*** Block opens ***

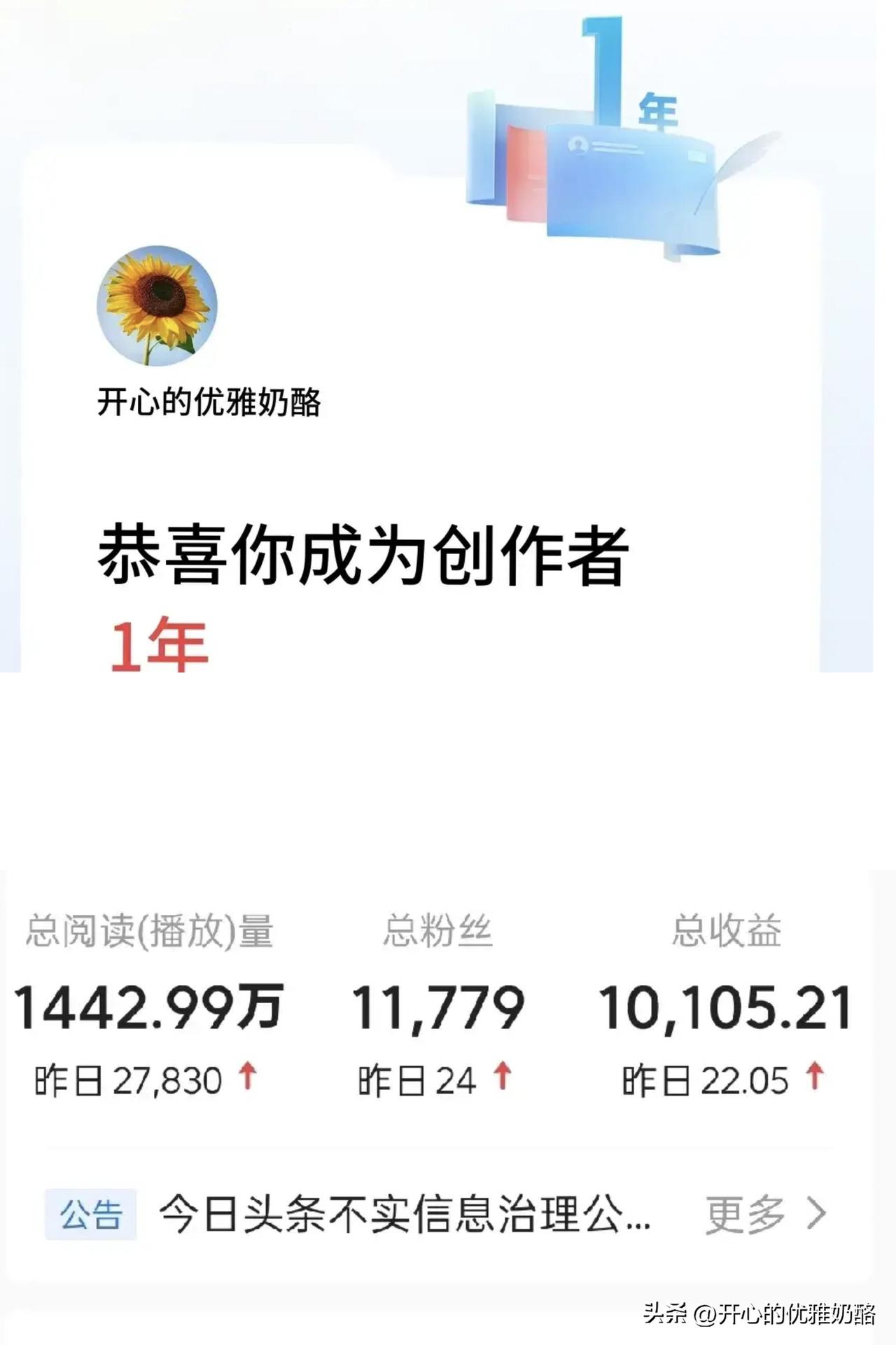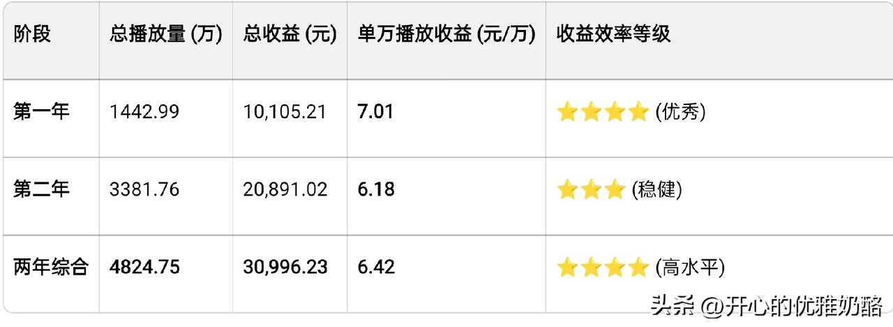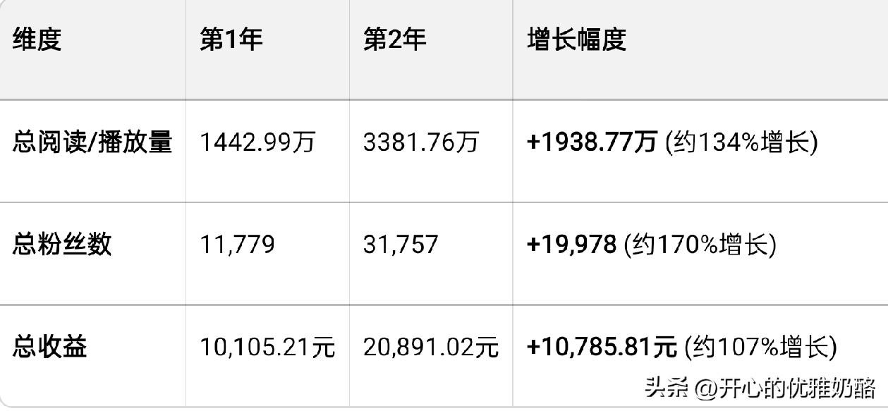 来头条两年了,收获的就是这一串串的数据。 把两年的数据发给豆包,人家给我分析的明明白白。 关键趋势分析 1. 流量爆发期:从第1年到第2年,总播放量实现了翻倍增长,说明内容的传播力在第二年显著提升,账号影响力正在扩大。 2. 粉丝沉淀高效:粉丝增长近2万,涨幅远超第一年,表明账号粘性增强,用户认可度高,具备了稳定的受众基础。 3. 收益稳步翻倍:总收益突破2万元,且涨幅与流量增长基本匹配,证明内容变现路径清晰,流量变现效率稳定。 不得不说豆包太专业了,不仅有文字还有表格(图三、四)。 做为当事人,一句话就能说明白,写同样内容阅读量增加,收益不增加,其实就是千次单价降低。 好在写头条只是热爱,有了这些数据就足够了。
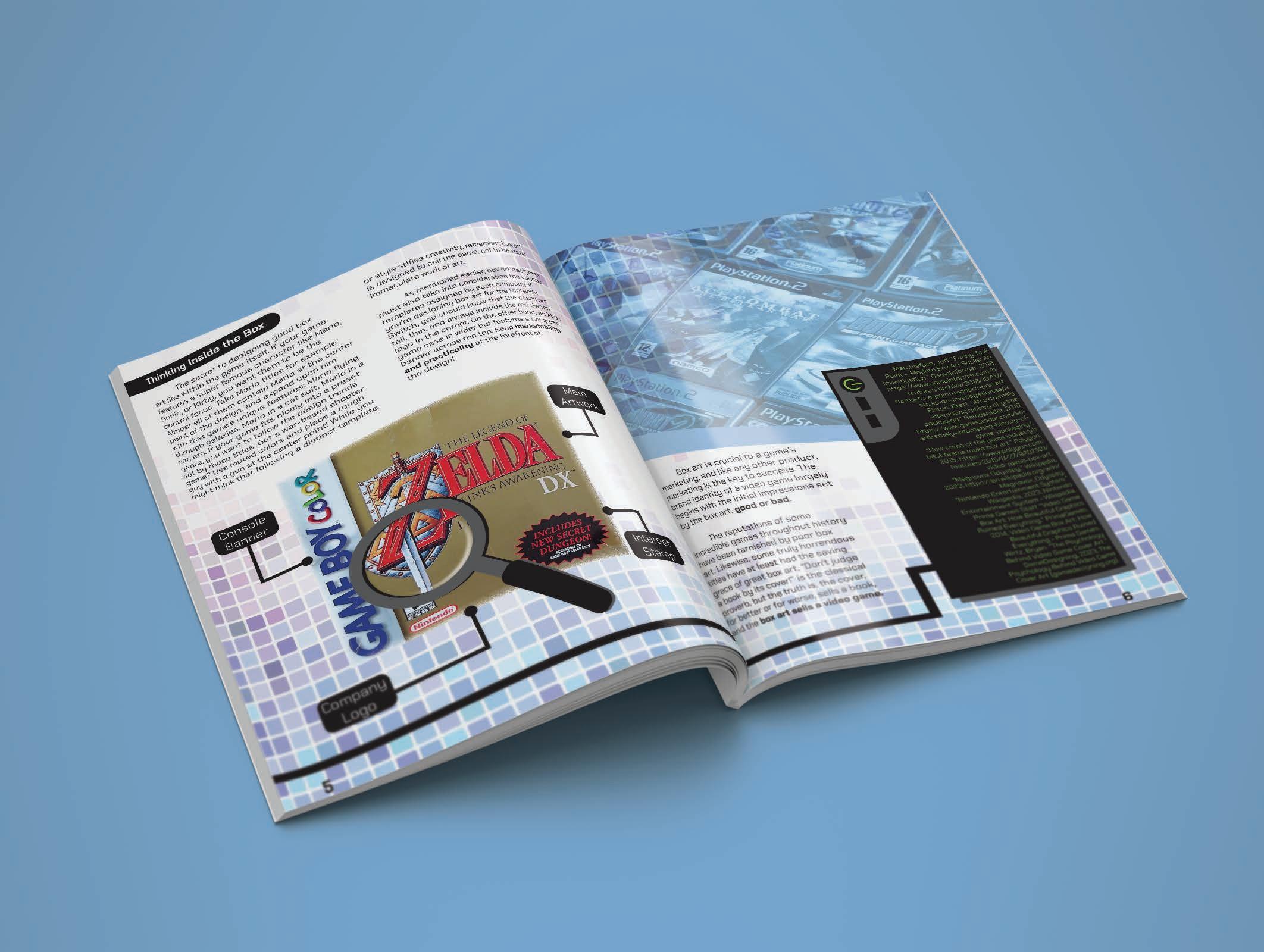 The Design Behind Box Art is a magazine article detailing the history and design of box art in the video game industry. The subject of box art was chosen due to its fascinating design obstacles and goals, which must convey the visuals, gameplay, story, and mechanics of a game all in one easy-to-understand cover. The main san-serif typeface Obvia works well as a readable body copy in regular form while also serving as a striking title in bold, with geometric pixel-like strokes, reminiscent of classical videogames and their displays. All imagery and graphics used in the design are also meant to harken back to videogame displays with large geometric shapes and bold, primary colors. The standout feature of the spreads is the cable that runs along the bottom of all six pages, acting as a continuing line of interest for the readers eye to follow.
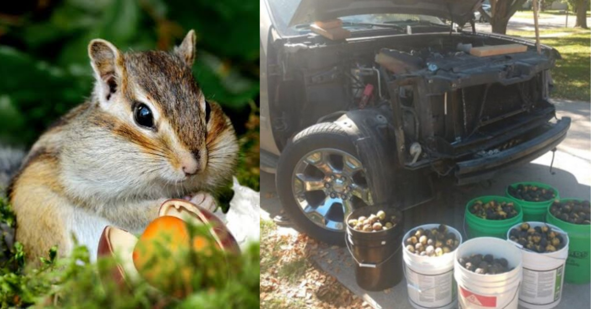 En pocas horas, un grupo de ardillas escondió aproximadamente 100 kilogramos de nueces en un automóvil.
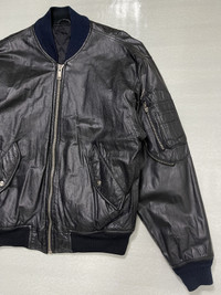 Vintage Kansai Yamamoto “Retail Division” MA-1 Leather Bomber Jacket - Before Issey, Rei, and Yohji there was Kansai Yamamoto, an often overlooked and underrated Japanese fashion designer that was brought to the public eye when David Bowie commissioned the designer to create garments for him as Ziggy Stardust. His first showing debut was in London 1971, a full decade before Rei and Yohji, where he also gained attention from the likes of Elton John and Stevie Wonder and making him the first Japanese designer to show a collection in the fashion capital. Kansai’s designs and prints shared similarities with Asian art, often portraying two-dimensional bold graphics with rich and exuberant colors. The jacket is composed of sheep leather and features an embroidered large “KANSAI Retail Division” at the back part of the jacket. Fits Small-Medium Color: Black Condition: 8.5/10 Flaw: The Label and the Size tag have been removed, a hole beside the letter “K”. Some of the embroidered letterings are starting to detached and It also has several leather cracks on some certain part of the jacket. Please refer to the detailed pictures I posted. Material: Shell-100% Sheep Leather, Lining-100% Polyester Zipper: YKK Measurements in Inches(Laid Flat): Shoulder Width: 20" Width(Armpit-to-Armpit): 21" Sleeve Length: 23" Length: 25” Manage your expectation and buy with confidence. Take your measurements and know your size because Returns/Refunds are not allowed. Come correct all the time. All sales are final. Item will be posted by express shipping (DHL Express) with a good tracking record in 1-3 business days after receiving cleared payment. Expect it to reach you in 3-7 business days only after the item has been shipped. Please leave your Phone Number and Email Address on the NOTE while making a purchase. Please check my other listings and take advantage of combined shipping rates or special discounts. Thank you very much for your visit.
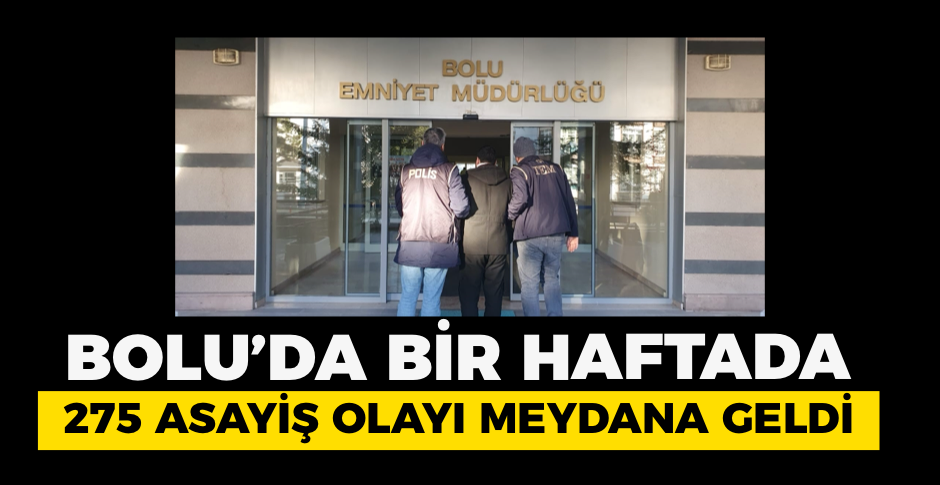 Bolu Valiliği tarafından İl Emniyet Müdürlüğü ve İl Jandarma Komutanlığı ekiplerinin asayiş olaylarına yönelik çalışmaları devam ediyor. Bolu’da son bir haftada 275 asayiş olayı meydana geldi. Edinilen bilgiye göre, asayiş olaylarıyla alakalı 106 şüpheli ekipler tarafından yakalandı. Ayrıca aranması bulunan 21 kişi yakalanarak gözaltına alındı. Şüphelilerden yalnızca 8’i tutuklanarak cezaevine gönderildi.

*** Block closes ***

■ **WHAT YOU SHOULD DO**: Only the lines from the start of the material to the line with "En pocas horas, un", inclusive, belong in the answer, printed exactly and free of pictures.

■ **RESPONSE BELOW**:
 来头条两年了,收获的就是这一串串的数据。 把两年的数据发给豆包,人家给我分析的明明白白。 关键趋势分析 1. 流量爆发期:从第1年到第2年,总播放量实现了翻倍增长,说明内容的传播力在第二年显著提升,账号影响力正在扩大。 2. 粉丝沉淀高效:粉丝增长近2万,涨幅远超第一年,表明账号粘性增强,用户认可度高,具备了稳定的受众基础。 3. 收益稳步翻倍:总收益突破2万元,且涨幅与流量增长基本匹配,证明内容变现路径清晰,流量变现效率稳定。 不得不说豆包太专业了,不仅有文字还有表格(图三、四)。 做为当事人,一句话就能说明白,写同样内容阅读量增加,收益不增加,其实就是千次单价降低。 好在写头条只是热爱,有了这些数据就足够了。
 The Design Behind Box Art is a magazine article detailing the history and design of box art in the video game industry. The subject of box art was chosen due to its fascinating design obstacles and goals, which must convey the visuals, gameplay, story, and mechanics of a game all in one easy-to-understand cover. The main san-serif typeface Obvia works well as a readable body copy in regular form while also serving as a striking title in bold, with geometric pixel-like strokes, reminiscent of classical videogames and their displays. All imagery and graphics used in the design are also meant to harken back to videogame displays with large geometric shapes and bold, primary colors. The standout feature of the spreads is the cable that runs along the bottom of all six pages, acting as a continuing line of interest for the readers eye to follow.
 En pocas horas, un grupo de ardillas escondió aproximadamente 100 kilogramos de nueces en un automóvil.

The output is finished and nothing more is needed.